Another question: what does Aza and Azel have to do with Yom Kippur? Aza and Azel were angels in Heaven, and they were very unusual in that they were attracted to doing sins in the physical world. What was their main sin? The main sin of Aza and Azel was that they were not satisfied with being in Heaven. They were in a lofty spiritual place, and they were tempted to be involved with the sins of the physical world. This is the main problem whenever we sin. Our soul is on a high spiritual level, but sometimes we are attracted to the temptations of sin in the physical world. Therefore, on some level, the action of Aza and Azel symbolizes all our sins. Our soul, instead of being satisfied with the spiritual joys of Torah and good deeds, descends and gets sullied by the temptation of sins in the physical world.

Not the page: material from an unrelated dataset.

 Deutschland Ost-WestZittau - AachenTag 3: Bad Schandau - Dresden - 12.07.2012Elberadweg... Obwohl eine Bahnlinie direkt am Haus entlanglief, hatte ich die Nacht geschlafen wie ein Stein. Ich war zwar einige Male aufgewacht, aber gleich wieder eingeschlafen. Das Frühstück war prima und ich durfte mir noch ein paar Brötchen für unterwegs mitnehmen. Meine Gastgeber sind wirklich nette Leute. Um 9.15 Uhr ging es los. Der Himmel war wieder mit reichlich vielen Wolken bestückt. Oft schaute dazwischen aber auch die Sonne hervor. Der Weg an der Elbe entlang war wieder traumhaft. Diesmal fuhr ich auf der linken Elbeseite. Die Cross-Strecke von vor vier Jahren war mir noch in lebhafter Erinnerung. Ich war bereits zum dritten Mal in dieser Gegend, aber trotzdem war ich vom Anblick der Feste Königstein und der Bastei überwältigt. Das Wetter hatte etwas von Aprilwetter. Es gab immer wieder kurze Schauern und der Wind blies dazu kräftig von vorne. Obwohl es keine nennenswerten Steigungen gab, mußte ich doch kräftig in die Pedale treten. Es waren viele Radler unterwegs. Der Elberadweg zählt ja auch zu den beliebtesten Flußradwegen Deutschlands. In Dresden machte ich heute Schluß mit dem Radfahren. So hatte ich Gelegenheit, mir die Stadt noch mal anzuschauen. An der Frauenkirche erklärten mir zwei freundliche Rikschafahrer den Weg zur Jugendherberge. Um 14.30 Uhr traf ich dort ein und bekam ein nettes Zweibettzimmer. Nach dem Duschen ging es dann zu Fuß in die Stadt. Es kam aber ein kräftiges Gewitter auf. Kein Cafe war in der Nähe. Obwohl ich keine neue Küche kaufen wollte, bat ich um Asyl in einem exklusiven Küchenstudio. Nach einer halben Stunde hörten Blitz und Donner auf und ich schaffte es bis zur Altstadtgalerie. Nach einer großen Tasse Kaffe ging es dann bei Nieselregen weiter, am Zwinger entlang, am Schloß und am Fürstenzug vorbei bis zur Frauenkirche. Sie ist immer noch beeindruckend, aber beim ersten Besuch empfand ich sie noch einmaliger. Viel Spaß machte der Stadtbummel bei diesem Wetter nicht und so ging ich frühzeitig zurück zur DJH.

The goats of Yom Kippur are powerful symbols. When we see one killed and the other sent away to its death in a desolate place, it can remind us of interpersonal sins, such as what Cain did to Abel, where one person is hurt and the other is punished. The goat of Azazel reminds us that our soul is better off enjoying spiritual pursuits rather than doing sins in the physical world.

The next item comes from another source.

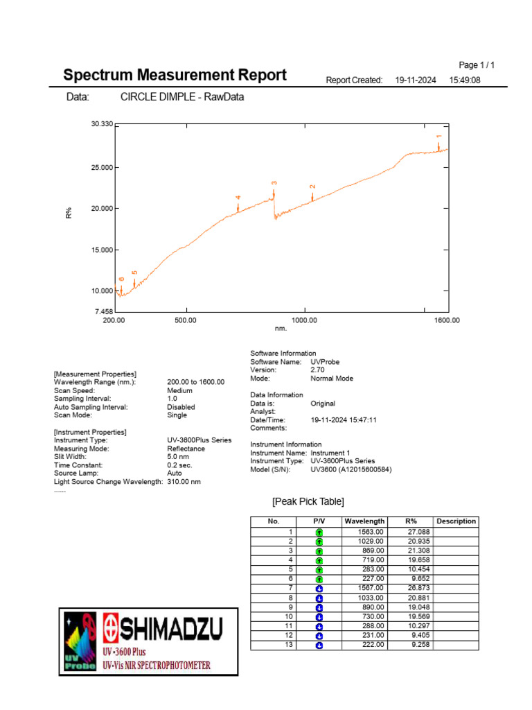 Wavelength Range (nm.): 200.00 to 1600.00 Mode: Normal Mode

It could be that the Torah is using the goats as symbols to communicate these powerful messages to us. But most people are not consciously aware of the meaning of these symbols. Why use symbols that people are not consciously aware of? It may be that our soul understands these symbols more than we are aware of. Our soul comes from Heaven. Perhaps our soul understands the language of symbols.
The Torah may be using the goats to communicate these important messages directly to our souls. Perhaps at a subliminal level, when our soul sees what happens to the two goats, and hears the name Azazel, perhaps it understands the message very well. Our soul knows all too well about the dangers of illicit temptations. Sin is often very attractive and seductive at first, but it ultimately leads to downfall and destruction. This is symbolized by the goat of Azazel being led into a desert, and being thrown down from a height to an ignominious death. This realization, even on a subliminal level, inspires us to repent.
May we all take the lesson of the two goats and of Aza and Azel to heart, and remind ourselves that we are much better off remaining on a lofty plane. We should remember to resist the shmutz that the Evil Instinct tempts us with. It may at fist appear tantalizing, but is ultimately destructive. May this insight inspire us to repent not only on Yom Kippur, but every day of the year.